Small business seems to have changed meaning these days; in my world, a company with 50 employees doesn’t really constitute small. As a General Manager, people often ask what exactly I do, and my answer is always different. Some days, I’m out on the road selling wine, hosting dinners or tastings, or supporting accounts. Others, I'm making invoices, filling out mountains of paperwork, or attending meetings. And every once in a while I get to fix a toilet, kick a computer until it starts working again, or (my newest conquest) even drive a forklift. This harvest will involve some morning picks and then press loads and getting purple hands. Never a dull moment.

But if you really want to hear about a small business endeavor, you’ll need to think of Fred Stollberg. Fred is our vineyard manager Jim's father, and though he’s responsible for many important things around here, his most notorious job is applying the gorgeous pink wax “swoop” to our Rosé. Check this out: in the back winery building, Fred has a Fry Daddy full of pink wax, which he mixes with just the right amount of glycerin so that it’s not too hard or too soft. He applies the little pull strips to the bottles, dips, and…voila! You've got the famous rosé swoop. And you have Fred to thank for it.


(He kind of cursed himself by being so good at this, so now we apply wax to our Riesling and Tributary bottles as well.)


So at Riverbench when we say we're involved from grape to bottle, we really mean we do it all, every step of the way. Now that's one awesome small business team.

Tuesday, September 4, 2012

Harvest Begins: My First Day As A Cellar Rat

A few months ago, winemaker Clarissa Nagy agreed to let me shadow her this harvest. Her enthusiasm is catching, and immediately got me giddy. When she told me we were to pick Pinot Noir for our rose sparkling wine on Friday, August 24, I started to get nervous. So many things I've never done before! Those butterflies in my stomach felt like bats.

Before he left, my husband reminded me not to trip on or fall into anything.

Jim, our vineyard manager, asked if I would wear a microphone so he could, presumably, laugh at my inevitable complaints.

What can I say? I'm smiling at the fact that the men in my life are used to the girly girl in me.

But I think that's kind of the beauty of it. See, I noted on Friday that winemaking is not as easy as so many people make it out to be. Making wine, like making cheese, is an art but also very scientific. Pictures will explain this better.


Here's the fruit- seriously, aren't these gorgeous? I've seen a lot of grapes in my day, but these stand out.

We tasted the juice all through the press process, which took about two hours. It's amazing how color and flavors change as the grapes are pressed. This year's vintage comes from the Mesa block, which usually presents a darker color; we'll have to remember to notice if the finished 2012 Cork Jumper rose is a little pinker!
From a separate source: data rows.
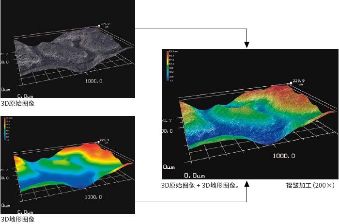 通过计算镜头在图像中的每个点准确对焦时的高度位置度,即可生成3D图像。
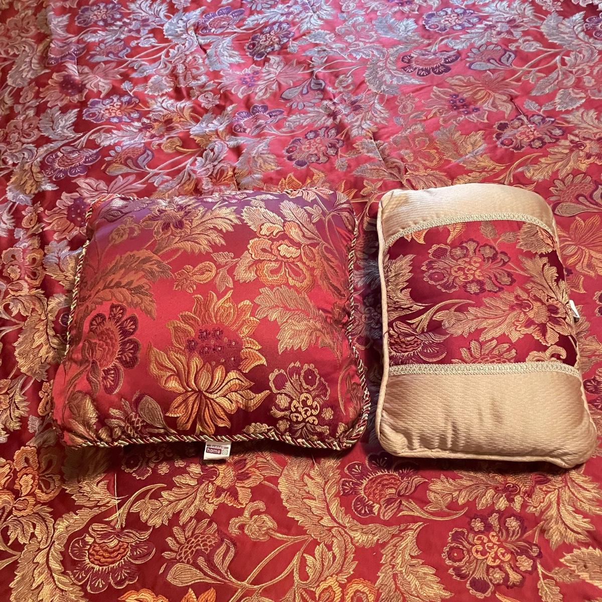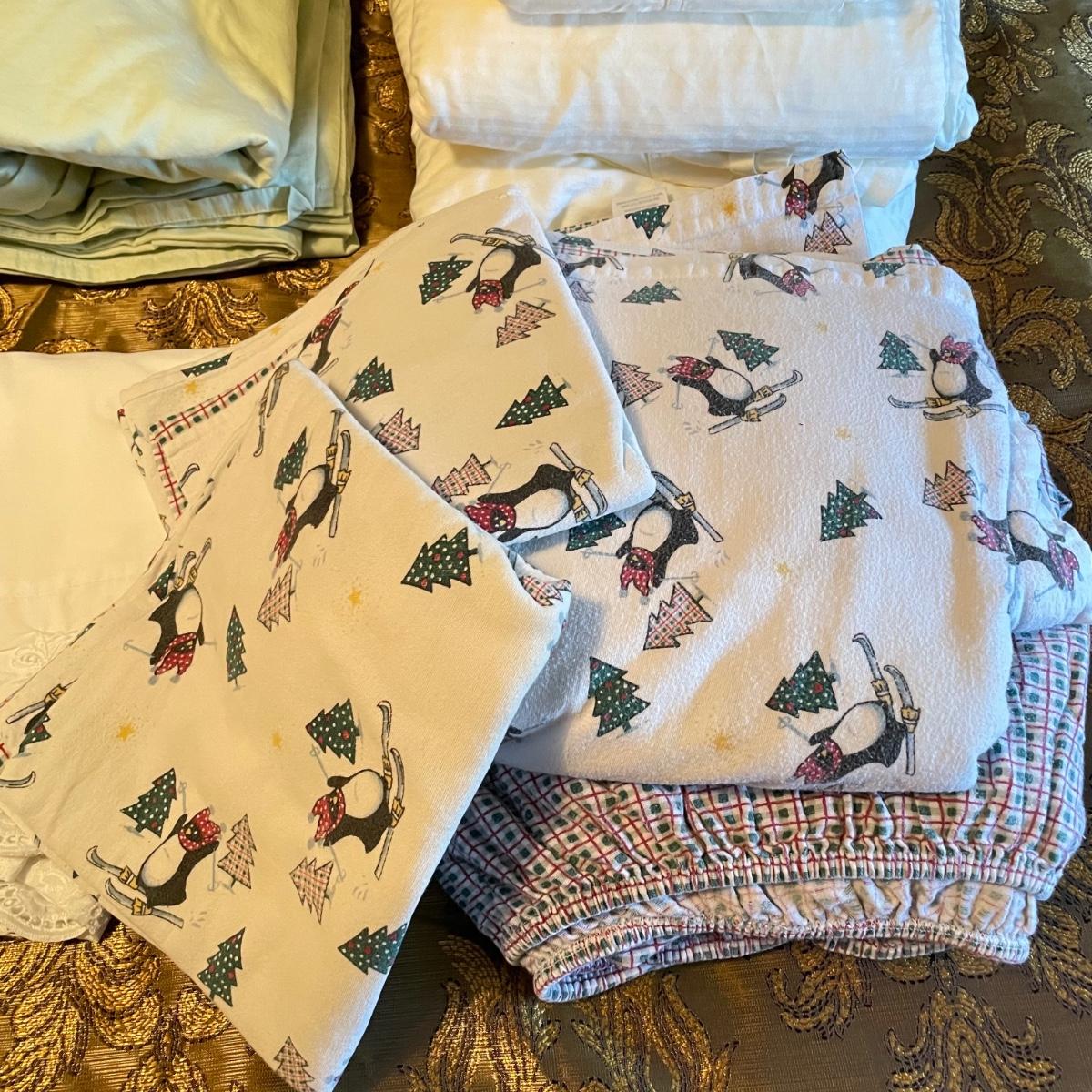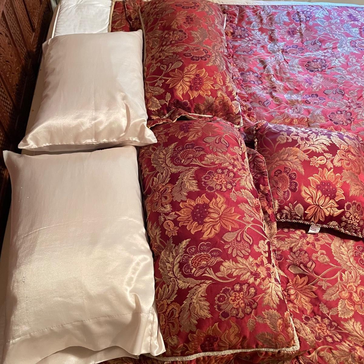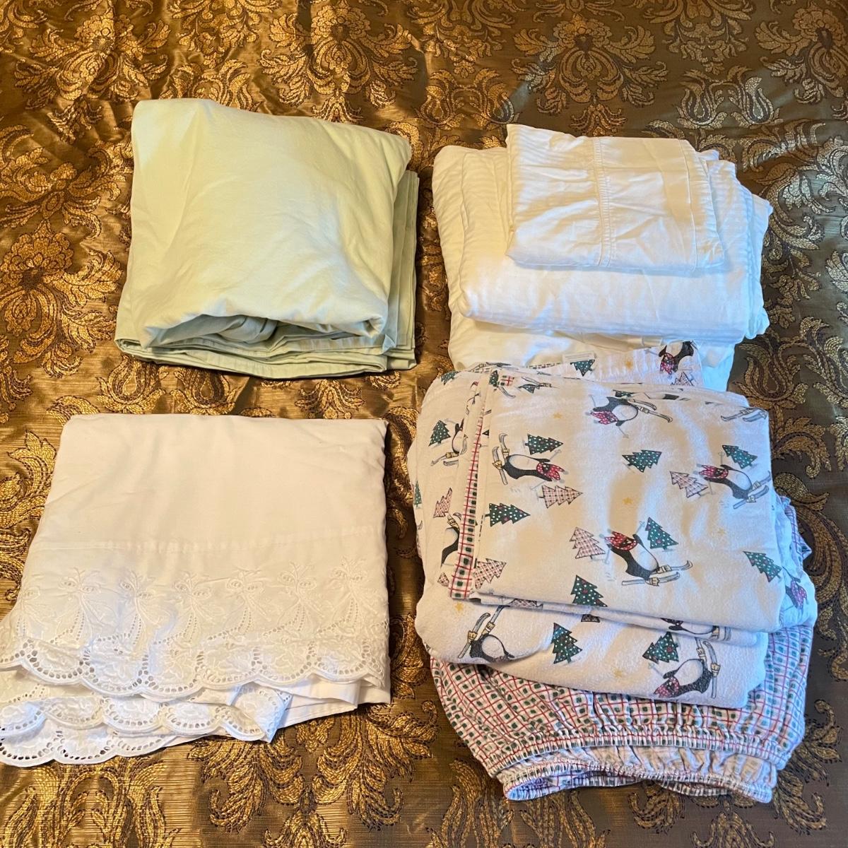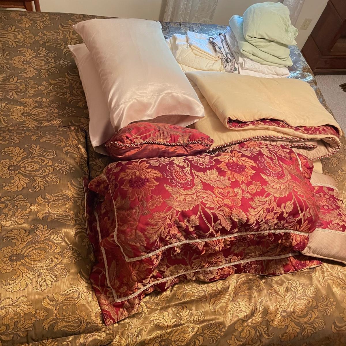 All king bedding lot includes two comforter sets, sheets and a down mattress topper. The Lenox set has two flat pillows sewn completely. The red floral Classic Home set has king pillowcases and two decorative pillows, plus to silky ivory colored standard pillow cases. Winning bidder is welcome to keep pillows, but not required to. Lot also features a light green sheet set with one pillowcase, a striped white sheet set with one pillowcase, a flannel winter themed set with two pillowcases and a top sheet with floral top border. See images. Lot fills three black trash bags, please keep this in mind for pick-up. Local pick up only.
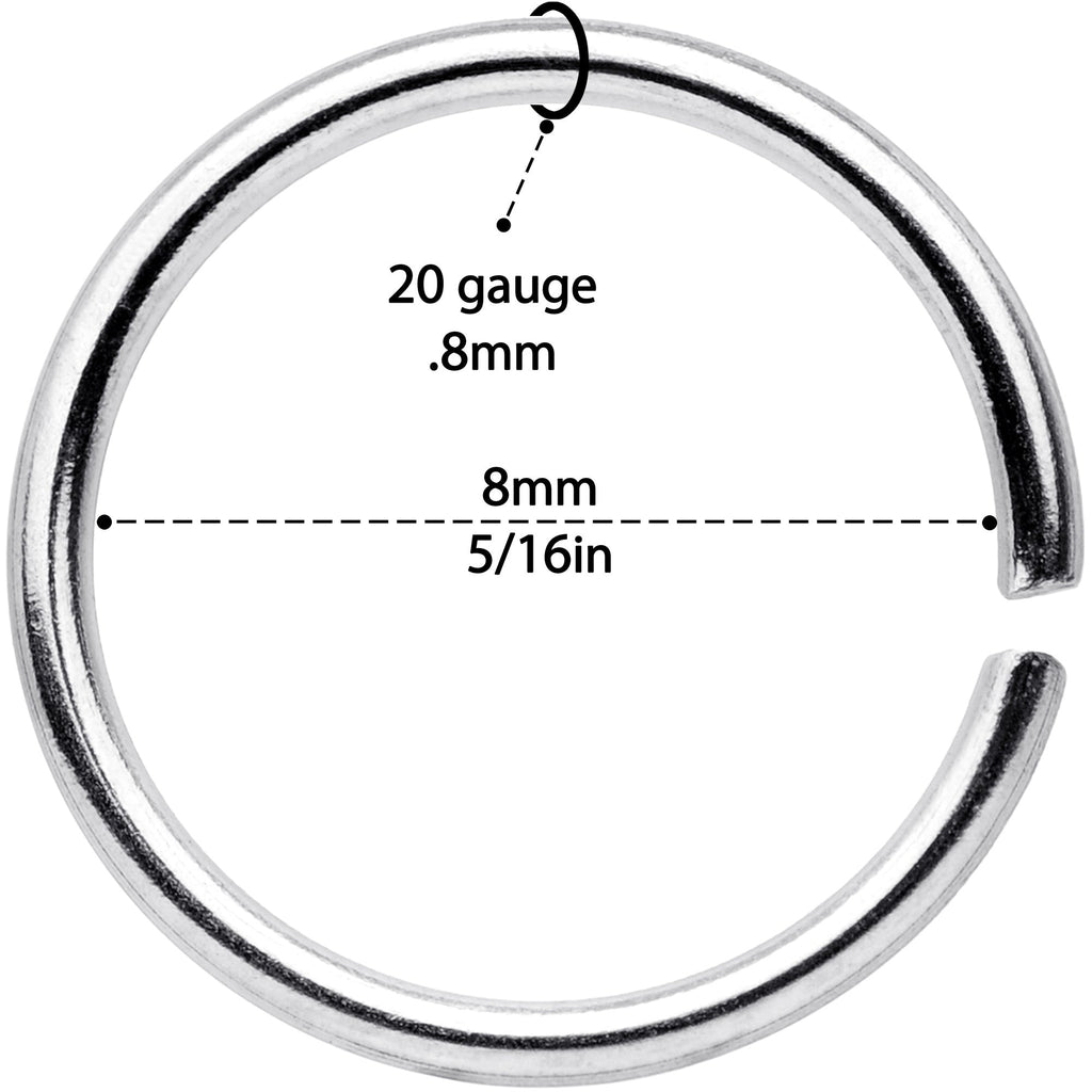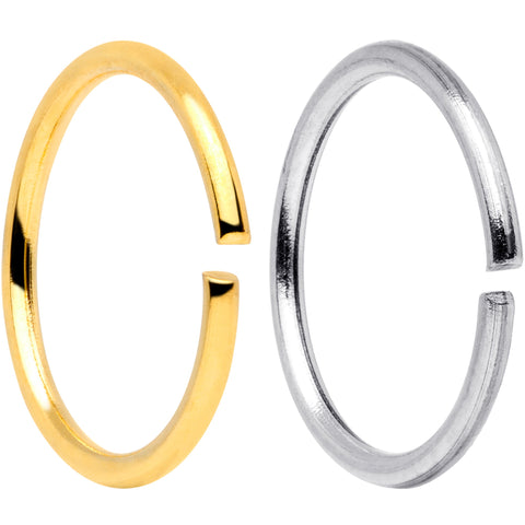 Whether you have multiple nostril piercings and prefer a matching look or are simply prone to losing things, this set of 20 gauge nose rings has you covered. Six are made with 8mm gold tone anodized over 316L surgical grade stainless steel seamless circular rings, for a classically elegant look. You also get six made with 8mm durable 316L surgical grade stainless steel seamless circular rings for a traditional appearance. This nostril jewelry is super easy to insert and remove - simply twist the ring open, insert, and then twist gently shut again. And with so many in the set, you can be sure of always having a beautiful nose ring to wear! Sold as a set of twelve. These are universal seamless rings for multiple body piercings including ear, lip and septum or nose.Specifications
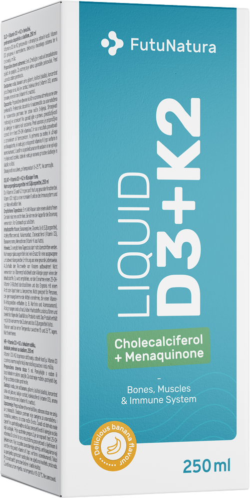 Líquido de FutuNatura que aporta vitaminas D3 y K2. La vitamina D contribuye al mantenimiento de huesos normales. La vitamina K2 se presenta en forma de menaquinona-7 (MK-7). Además, Vitamina D3 + K2 Líquida está enriquecida con aceite MCT de coco. El práctico tapón permite una dosificación sencilla.
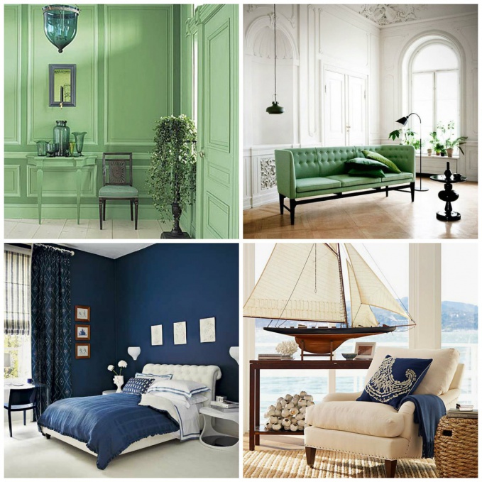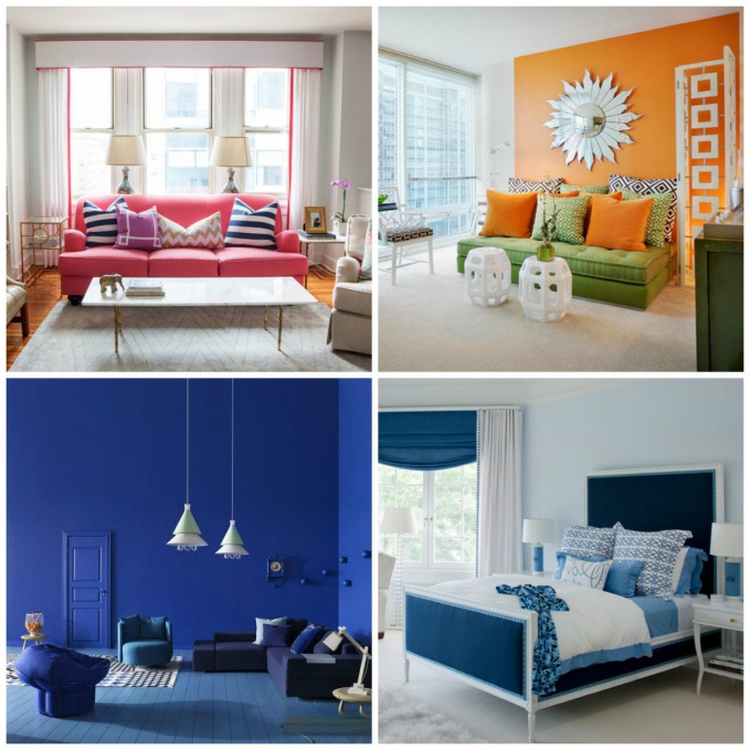 В-пятых, цветовые сочетания. Фактически, это тема отдельной статьи. Но если коротко, то необходимо определить, как отдельные цвета влияют друг на друга — усиливают или оттеняют друг друга. Так, неудачно выбранный цвет дивана можно смягчить аналоговым, но более приятным вам цветом декоративных подушек; а если цветовое сочетание (например, сине-белое) показалось неудачным, выберете доминирующий цвет , более приятный вам (например, белый), и добавьте его в аксессуары и текстиль (шторы, подушки, картины).

The free-run juice is put straight into tank to settle for a few days, with one exception. Last year, two barrels were filled with the last of the juice and apparently they contributed some really outstanding colors and flavors to the final blend, so we did that again. Two lots were put straight into neutral oak, and Clarissa showed me step by step how to inoculate them. I won't bore you with a long description of the process, but let's just say that the yeast and juice mixed together to make a cocktail of heady deliciousness that was poured right in.


As a note, cheesemaking has been a solo pursuit of mine, as my area doesn't have any local professional cheesemakers. I've destroyed a lot of milk and ruined plenty of cheese. So it's pretty cool to be learning at the hands of someone like Clarissa, who explains things clearly. The woman knows her stuff, but she's not pretentious or condescending, and she has no ego. It's refreshing. I owe her a huge, huge "thank you" for letting me tag along for this adventure. It's a bit of a bucket list thing for me to finally work a harvest after eight years in California.

So...overall? Successful day! I didn't break, spill, or fall into anything. And I can't wait to go back for more.